I stared at her. “And if I do not wish to be knocked out? I was feeling better today.”
“And yet your color is still off, your eyes are yellowed, and you had a hallucination this morning in front of the queen—No, do not deny it,” Dalila warned when I opened my mouth to protest. “I was there. And trust that Lab didn’t buy your ‘sun is in my eyes’ excuse either.”
On that last point, I couldn’t argue. Lab’s entire demeanor had changed after my slip this morning and not for the better. “They are not hallucinations,” I claimed instead. “They are visions.”
“Sure, they are,” Dalila replied, not bothering to mask the disbelief in her voice. “Take the tonic, Amina. Think of it as enabling you to brawl better should our situation come to that.”
By God, maybe Dalila would have made a good doctor, ordering everyone around. “Can it wait until I’m finished?”
“With your map of bread?”
“With my map to a temple workshop where apparently all of Khatti Ugal’s textiles are crafted.
I learned much from Orinth today. No one spins or weaves their own garments here.
Everything is made in the palace and they are considered sacred gifts.
” Not missing the flicker of interest in Dalila’s expression, I continued. “Don’t pretend that isn’t suspicious.”
She paused but conceded. “It’s strange, yes. Do you think they’re using the spindle to spin wool rather than fates?”
“We won’t know unless we find this workshop. So help me and it will go faster. You’ve seen more of the palace, no?”
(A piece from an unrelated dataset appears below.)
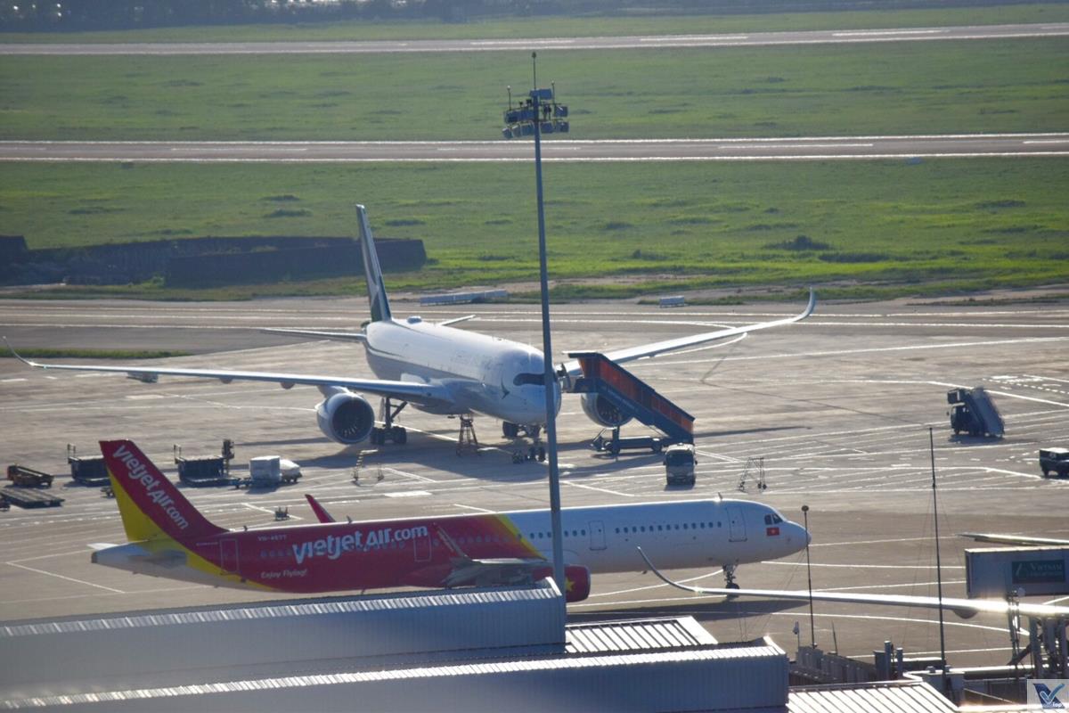 – na minha rápida passagem pelo (lindo) Vietnã, fiquei hospedado em um hotel situado quase em frente ao Aeroporto de Ho Chi Minh City (sigla SGN, que está associada ao antigo nome da cidade – Saigon); no último andar do prédio tem um bar e piscina (rooftop) onde há uma vista privilegiada do terminal; fiquei lá por alguns minutos tomando uma 333 (uma marca de cerveja local) e registrando aviões da Vietnam Airlines, JetStar Pacific, VietjetAir (que me levou de HAN até SGN, confira a avaliação completa AQUI) e Tigerair em procedimentos de decolagem e pouso

Dalila sighed but sat down, studying my construction. “I’ve not seen much beyond the healing gardens, apothecary, and a few banquet rooms. And the queen’s chamber, I suppose. But that was only briefly.”
My brows shot up. “You attended the queen’s chamber and did not tell me?”
“It was merely in passing and there was nothing to report.”
I still found it odd, but there was a defensiveness in Dalila’s voice I didn’t wish to prod, not when we were getting along. “Add it. Along with anything else you recall.”
We worked for a bit longer, the food-based map taking shape as I filled her in on the rest of my time in the Chamber of Mysteries. Dalila had always been the true talent when it came to casing, and even half-hearted, her contribution was good.
Finally, she paused, chewing her lip. “I wonder if the workshop might be here,” she suggested, pointing to the garden through which the queen and I had strolled on our first day.
“I don’t recall seeing any structures save the old shrine,” I replied. “Lab said it was the ruins of the first building her ancestors erected.”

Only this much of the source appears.